真人が自分の間合いに入った瞬間、足に掛けていた魔力を両の腕に変更。そして、スティルの首筋を狙い一撃を放つ。
「なるほど」
「なっ! 」
その一撃はあっさりと、スティルによって受け流された。
真人の剣は滑るように、スティルの剣によって剣線をずらされ、行き着く先は大地だった。
「受け止めたら、ヤバかったさね。それじゃ、歯食い縛りなライズ」
態勢を完全に崩され、ガラ空きになった脇への一撃に手心は無い。
「がっ! 」
骨が軋み、肺の酸素が強制的に体外へ排出される。正に悶絶状態だ。
「苦しい」「痛い」「気持ち悪い」どれもあるのに、そのどれも口にする事が出来ない。
真人は涙目になりながら「はっ、はっ、はっ」と短い呼吸を繰り返していた。
「肋骨、一、二本逝ったわね」
「くっ!こ、こ、こ…… 」
「その痛みは、アンタの判断ミスが生み出した痛みよ。ソウネェ── 所謂、自業自得」
── このっ! ふざけんなっ!
痛みの原因は、素知らぬ顔をして云う。
もう少し口を開くまで時間が掛かりそうなだけに、真人は精一杯スティルを睨みつけていた。
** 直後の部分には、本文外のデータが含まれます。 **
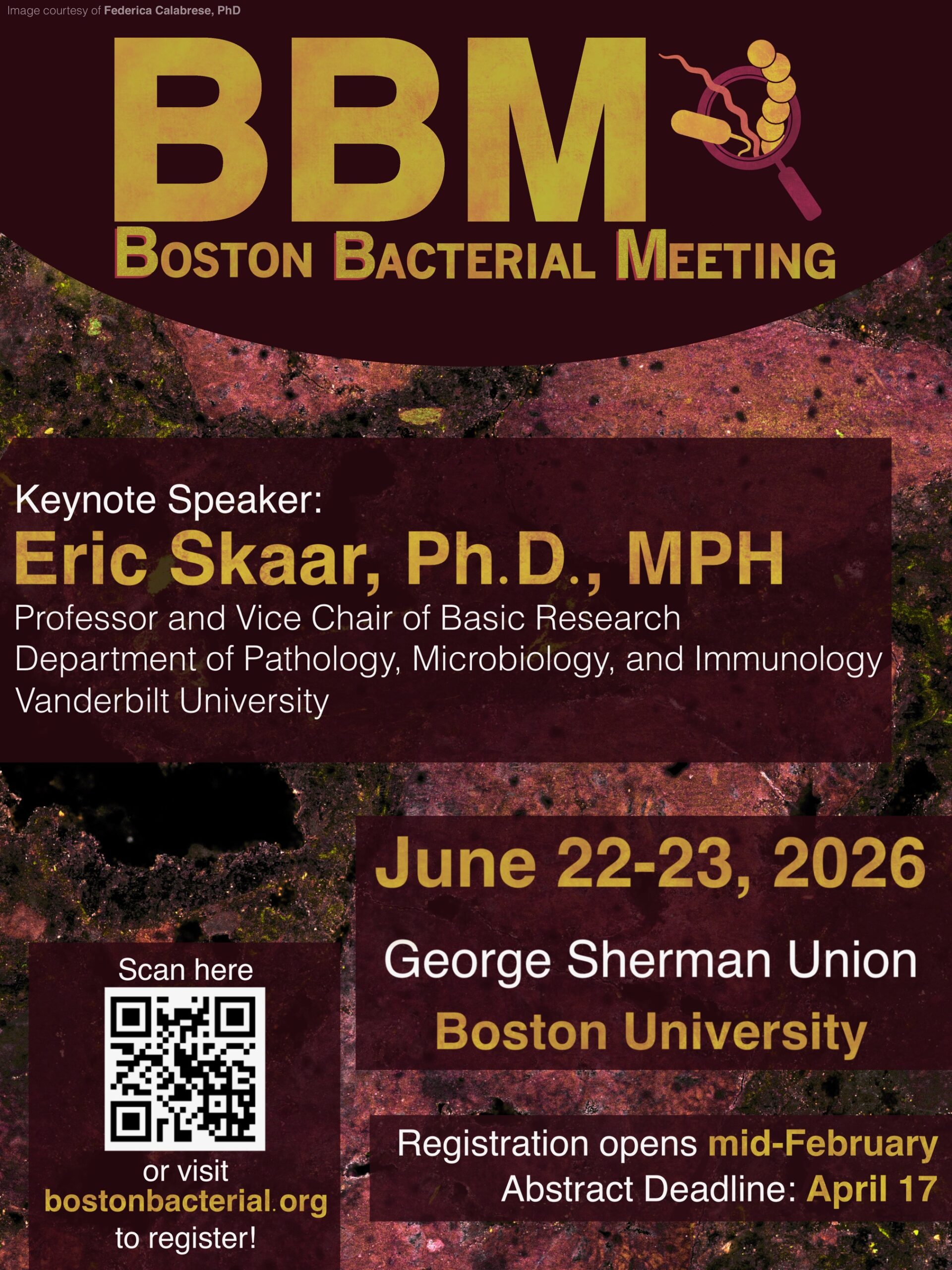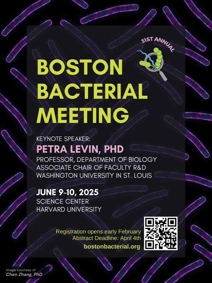 The micrograph featured on the BBM posterwas taken by Andrea Vettiger back when he was a postdoc in Tom Bernhardt’s lab at Harvard Medical School; he is currently an Assistant Professor at the University of Lausanne. The image shows a composite of the outer membrane protein Pal (magenta) and bacterial cytoskeletal element MreB (white) in Escherichia coli. The image was acquired using a combination of structured illumination and total internal reflection microscopy. MreB displacement was analyzed by TrackMate (colors).

「その顔は何かな? あんな一撃で大ダメージを負うのは防御を疎かにしてるからよ」
「─── っ!」
確かにその通りだった。
魔導による身体強化なのだから、速度や攻撃力だけでなく、防御力に充てられる事は充分想定出来る。
そして、その力を使えるだけの時間をスティルは与えていた。
真人が防御力強化をしなかったのは、自分の放った一撃に満足してしまったからに他ならない。
「もし、ライズがきっちり防御していたら、こうして私だけが一方的に喋るなんて展開はなかったのにね」
「──── 」
「悔しかったら、その魔力操作をもっと極めてみせなさい。それは誰にでも出来る事じゃない。貴方だけの能力なんだからね」
結局、この日真人はその場から動く事は出来なかった。
真人の傷は思った以上に酷く、次の日にスティルが水の神官を引き連れて、その治療が終わるまで修業は止まった。
「一寸、やりすぎちゃった── テヘっ♪」
自分の甘さが招いた傷だと、頭では理解している。だからこそ、湧き上がる殺意を必死で抑える。
今は、我慢の時だ── だが、いつか倍にして返してやる。
そう真人は心に誓うのだった。
そして、残りの日々は瞬く間に過ぎていく、魔導と剣術。その両方を卓越したセンスでスポンジのようにドンドン吸収する真人。
本人は気付いていなかったが、真人の戦闘力はセルディアに来た時より数倍上がっていた。
そして、更に二週間が過ぎ、真人とスティルは再び王宮の中庭にいた。最後の確認、スティルから話された彼女の目的に真人の表情が曇る。
「完遂出来なくても恨むなよ」
「命懸けでやりなさい」
「ったく、厄年か今年は── 早すぎるだろ」
そんな事をしている内に時間が過ぎていく── いよいよ真人の戦いが始まるのだった。